Moussayer
Dr Moussayer khadija : maladies auto-immunes
Que l’année 2024 enfin apporte à tous ceux qui souffrent de maladies rares, et ils sont malheureusement trop nombreux, une amélioration de leur santé et de l’espoir dans des nouvelles thérapeutiques capables d’apporter des solutions à leurs problèmes de santé.
Les maladies rares ont une définition internationale, c’est toute maladie qui touche moins d’une personne sur 2 000. Elles sont au nombre de 7000 à 8 000 et chaque année 200 à 300 maladies rares sont nouvellement décrites. On estime que plus de 5 % de la population mondiale serait concernée par ces maladies, soit environ 1 personne sur 20 et donc au moins1,5 millions de patients au Maroc.
Elles sont souvent chroniques, évolutives et en général graves. Le pronostic vital est fréquemment mis en jeu : 80% ont un retentissement sur l’espérance de vie. Une gêne notable et des incapacités à la vie quotidienne sont présentes dans plus de 65% des cas et une perte complète d’autonomie dans 9% des cas.

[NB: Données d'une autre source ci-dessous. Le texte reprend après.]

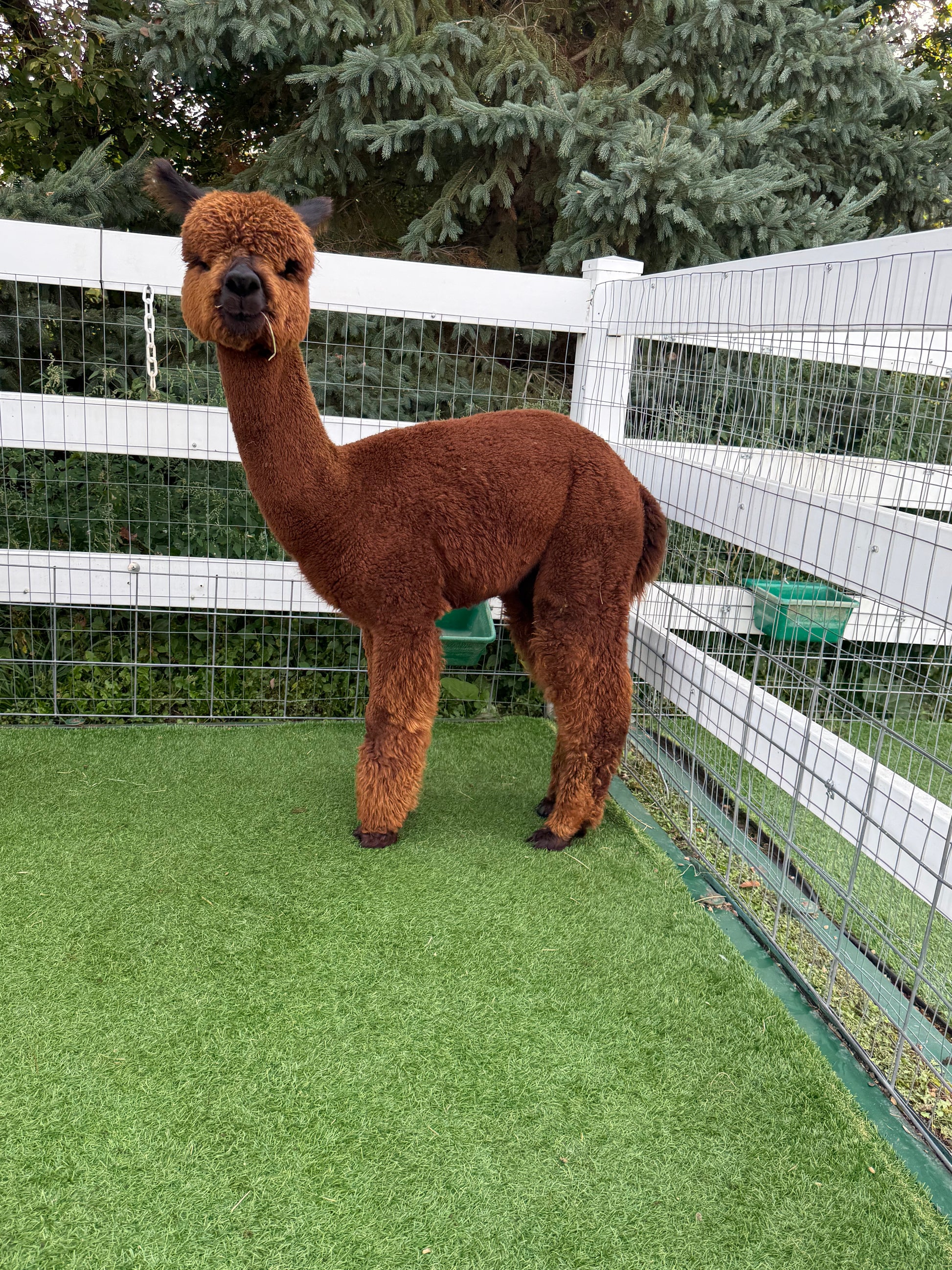 EEF Max Is Back is definitely a mama's boy as a cria. But he has stunning looks with beautiful brown fleece. He is named after EEF Max, another 2024 cria, which we unfortunately lost shortly before Max is Back was born. We are excited to see this boy grown up and hopefully start a new adventure soon.

Extrêmement diverses - 80% de ces maladies ont une origine génétique. 3 maladies sur 4 se déclenchent dans l’enfance mais certaines attendent 30, 40 ou 50 ans avant de se déclarer. On peut en citer, la mucoviscidose, les déficits immunitaires, le vieillissement accéléré, la maladie des os de verre, la maladie de l’homme de pierre (une transformation des muscles en os) ….
Les Missions de l'Alliance
L’Alliance a pour missions de faire connaître et reconnaître les maladies rares auprès du public, des professionnels de santé et des pouvoirs publics en informant sur leurs enjeux scientifiques, sanitaires et sociaux, par tous les moyens : presse écrite, télévision, radio, sites internet et réseaux sociaux.

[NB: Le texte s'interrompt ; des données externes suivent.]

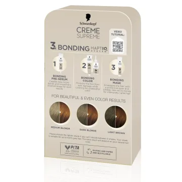 Schwarzkopf Creme Supreme 7-7 Copper Dark Blonde är en hårfärg med 3x bonding HaptIQ System som förbereder, skyddar och stärker håret för ett jämnt färgresultat med 50% gråhårstäckning. Det vårdande pre-serumet förbereder håret innan färgning, skapar nya mikrobindningar och bidrar till ett jämnt färgresultat. Bonding color skyddar håret från skador under färgningen och bonding hårkur skapar ett skyddande lager och vårdar håret.

Elle a également pour objectifs de contribuer à l’information des médecins en organisant des colloques thématiques sur les maladies rares. Elle œuvre à aider à la création d’associations de malades dédiées à chaque maladie rare et à améliorer l’accès au diagnostic et aux soins des maladies rares par la mise en place de centre de référence et de compétence et par une prise en charge réellement efficaces en inscrivant ces troubles comme des affections de longues durées (ALD).
L’ALLIANCE travaille au quotidien avec beaucoup d’associations marocaines de malades ; elle a signé des conventions de partenariat « stratégiques » avec 12 d'entre elles : 1/Association de syndrome de Rett (AMSR) , 2/ Association de Solidarité avec les Enfants de la Lune au Maroc (A.S.E.L.M.) , 3/ Association de l’amyotrophie spinale (SMA) , 4 / association SOS Pku , 5/ association marocaine des malades d’angioedème héréditaire (AMMAO) , 6/ Association Marocaine pour la Santé de l’Enfant et de la Mère (AMSEM) , 7/ Association S.O.S Marfantime (S.O.S.M.) , 8/Association Prader Willi Maroc (P.W.M.) , 9/ Association Flamme d'Espoir pour les Autistes et les Patients atteints de la PKU , 10/ Association marocaine pour les enfants souffrant d’ostéoporose (Ostéogenèse imparfaite) A.M.E.O.S , 11/ Association Marocaine de Mucoviscidose (AMM) , 12/ Association Fragile X Maroc (FxMa) .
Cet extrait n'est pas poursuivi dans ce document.